Myalgic encephalomyelitis, also known as chronic fatigue syndrome (CFS), is a complex condition that affects multiple body systems. It can cause a wide range of symptoms, including unrefreshing sleep, cognitive problems and orthostatic intolerance (problems with balance). It may be mild or severe. People with ME/CFS score worse on quality of life surveys than those with depression or anxiety, cancer, heart disease, renal failure, lung disease and multiple sclerosis.
ME can start suddenly or develop more gradually. It often follows an infection, but not always. It can also appear after a surgical procedure, or after a large hormonal shift, such as pregnancy or menopause. It can happen in anyone, but it is more common in women than in men.
In the UK, the charity Action for ME estimates that 250,000 people have ME/CFS. For most people with the illness, it is the main reason they cannot work, and can have a serious impact on their social lives. The most common symptom is extreme tiredness, which can make it difficult to think and concentrate.
Other symptoms include pain, dizziness and near fainting, periods of bloating and constipation, problems regulating temperature, trouble with thinking or memory and poor balance and coordination. People with ME/CFS are more likely to be unable to work and less able to care for themselves than people with other health conditions.

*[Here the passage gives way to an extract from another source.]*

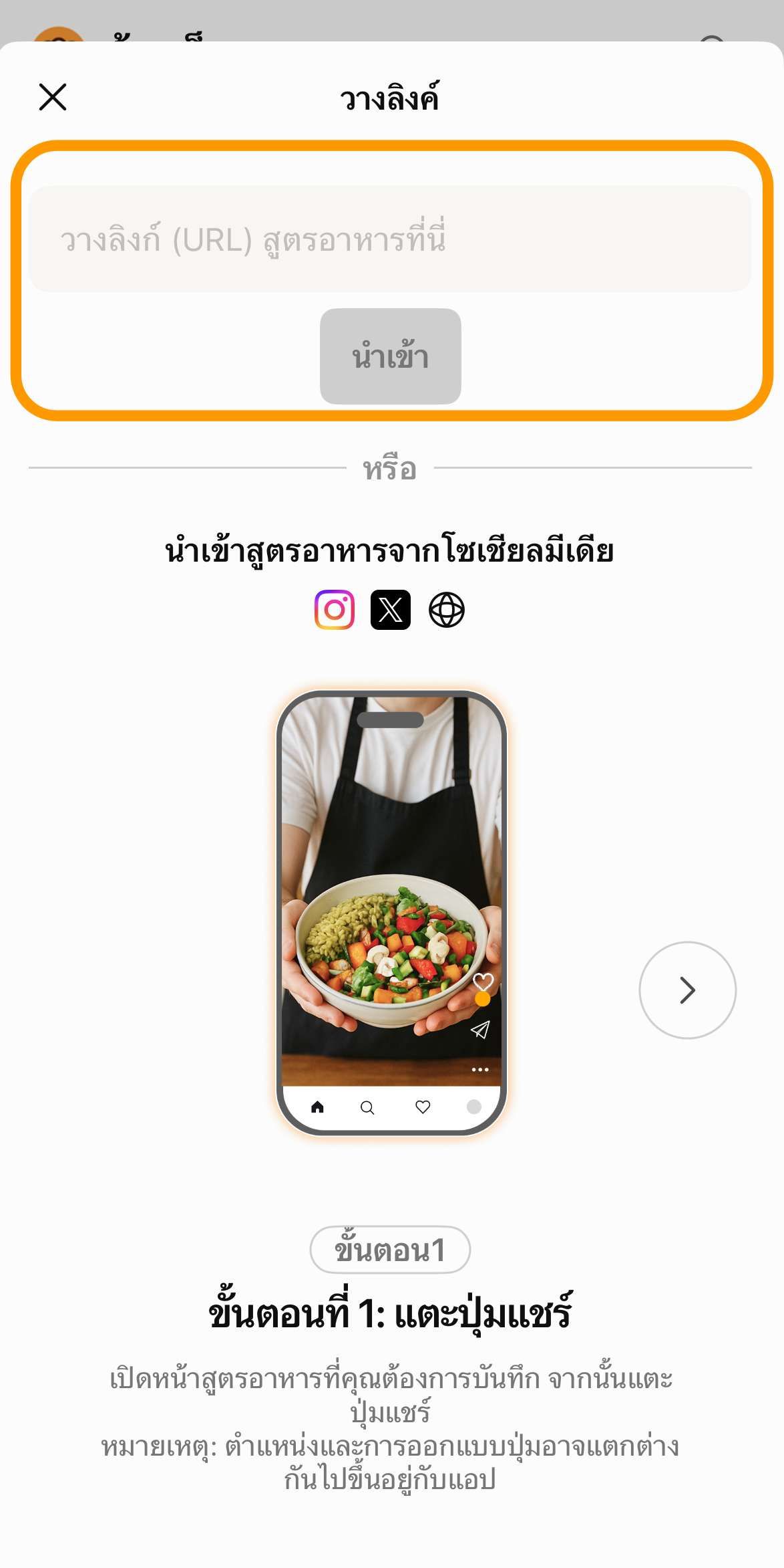 2. วางลิงก์ใน Cookpad: คัดลอกลิงก์ -> เปิดแอปกดเครื่องหมาย "+" -> เลือก "นำเข้าสูตรจากเว็บหรือโซเชียลมีเดีย" -> วางลิงก์แล้วกด "นำเข้า"

It is not known what causes ME/CFS, but it is thought to be a combination of genetic and environmental factors. A new research project, DecodeME, is working to find out if genetic differences play a role.
Currently, there is no cure for ME/CFS, but treatments can help to manage symptoms and improve quality of life. These can include exercise, cognitive behavioural therapy and medicines to help with sleep, pain and other problems. Many patients find it helpful to keep a diary of their symptoms and take this to their GP so that they can be diagnosed earlier.

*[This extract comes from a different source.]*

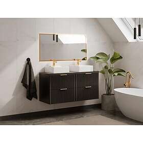 Vente Unique Meuble sous vasque suspendu strié Noir L120 cm ZEVARA

There is no test to diagnose ME, but doctors can be more sure of a diagnosis if other possible causes for the patient’s symptoms have been excluded. This is important because ME can be mistaken for other illnesses, and some doctors do not recognise it. Getting a diagnosis and accessing treatment is even more important for people living with the milder form of the illness, which can be difficult to identify. The charity Sense has published guidelines to support health professionals in diagnosing ME/CFS. It recommends that GPs ask patients about their fatigue and history of any symptoms, such as memory or concentration problems, and that they refer those with ME/CFS to specialists. It also recommends that health professionals look for evidence of underlying illness such as blood tests and MRI scans.